### [EXERCISE OBJECTIVE]
Although the entries hold pictures, only their words are printed back, exactly as given.

### [DATASET EXCERPTS]
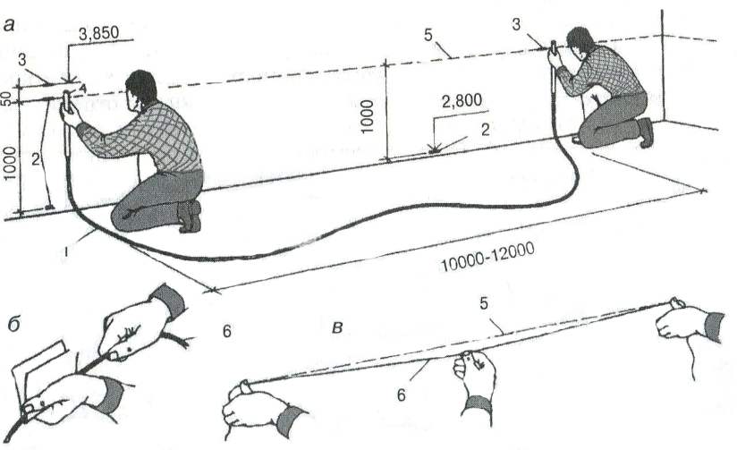 Отбивку выполняют так: берут разметочный шнур, всыпают в коробку синьку, тщательно встряхивают и натягивают шнур между метками. Затем оттянув его пальцами, резко отпускают. На стене образуется ровная линия синего цвета, которая и является новым уровнем пола.
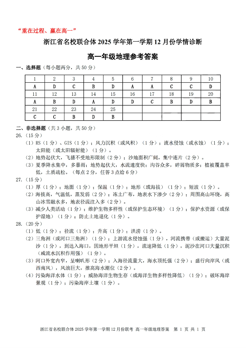 浙江省名校联合体2025学年高一上学期12月联考 地理答案.pdf
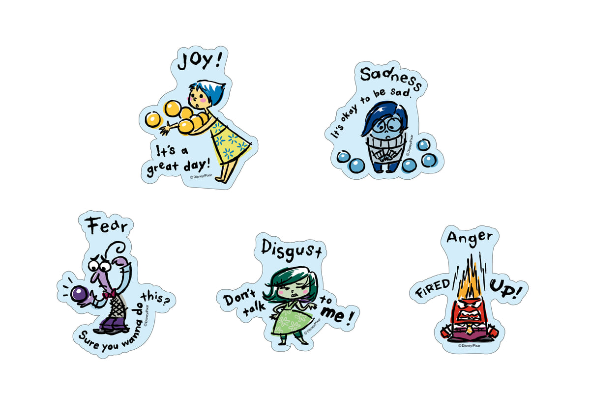 5つの感情「ヨロコビ」「カナシミ」「ビビリ」「ムカムカ」「イカリ」を描いた『インサイド・ヘッド』の全9種がラインナップされます。
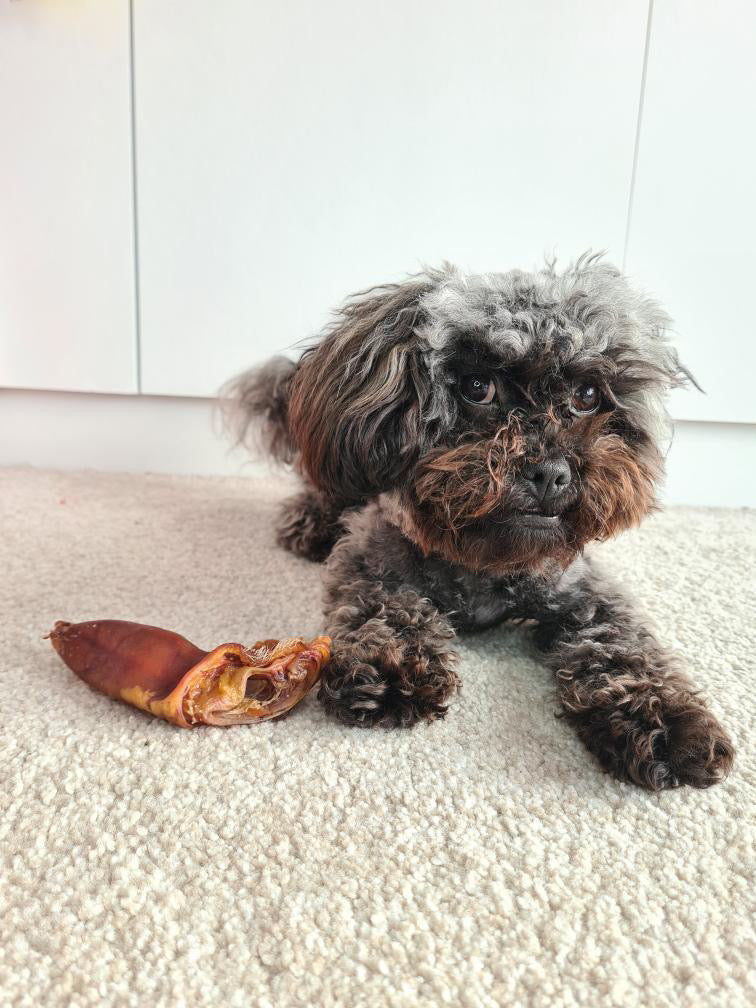Pigs ears are easily digestible and a great way to keep your dog occupied for a long time (depends on the size of the dog). Other benefits are they help with teeth and gum health. These pigs ears have been slowly air dried to help retain natural flavour and also increases the chew-ness of the product.
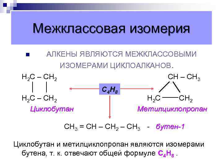 Межклассовая изомерия n АЛКЕНЫ ЯВЛЯЮТСЯ МЕЖКЛАССОВЫМИ ИЗОМЕРАМИ ЦИКЛОАЛКАНОВ. Н 2 С – СН 2 СН – СН 3 Н 2 С – СН 2 Циклобутан С 4 Н 8 Н 2 С СН 2 Метилциклопропан СН 3 = СН – СН 2 – СН 3 - бутен-1 Циклобутан и метилциклопропан являются изомерами бутена, т. к. отвечают общей формуле С 4 Н 8.

### [RESULT OF THIS EXERCISE]
 Отбивку выполняют так: берут разметочный шнур, всыпают в коробку синьку, тщательно встряхивают и натягивают шнур между метками. Затем оттянув его пальцами, резко отпускают. На стене образуется ровная линия синего цвета, которая и является новым уровнем пола.
 浙江省名校联合体2025学年高一上学期12月联考 地理答案.pdf
 5つの感情「ヨロコビ」「カナシミ」「ビビリ」「ムカムカ」「イカリ」を描いた『インサイド・ヘッド』の全9種がラインナップされます。
Pigs ears are easily digestible and a great way to keep your dog occupied for a long time (depends on the size of the dog). Other benefits are they help with teeth and gum health. These pigs ears have been slowly air dried to help retain natural flavour and also increases the chew-ness of the product.
 Межклассовая изомерия n АЛКЕНЫ ЯВЛЯЮТСЯ МЕЖКЛАССОВЫМИ ИЗОМЕРАМИ ЦИКЛОАЛКАНОВ. Н 2 С – СН 2 СН – СН 3 Н 2 С – СН 2 Циклобутан С 4 Н 8 Н 2 С СН 2 Метилциклопропан СН 3 = СН – СН 2 – СН 3 - бутен-1 Циклобутан и метилциклопропан являются изомерами бутена, т. к. отвечают общей формуле С 4 Н 8.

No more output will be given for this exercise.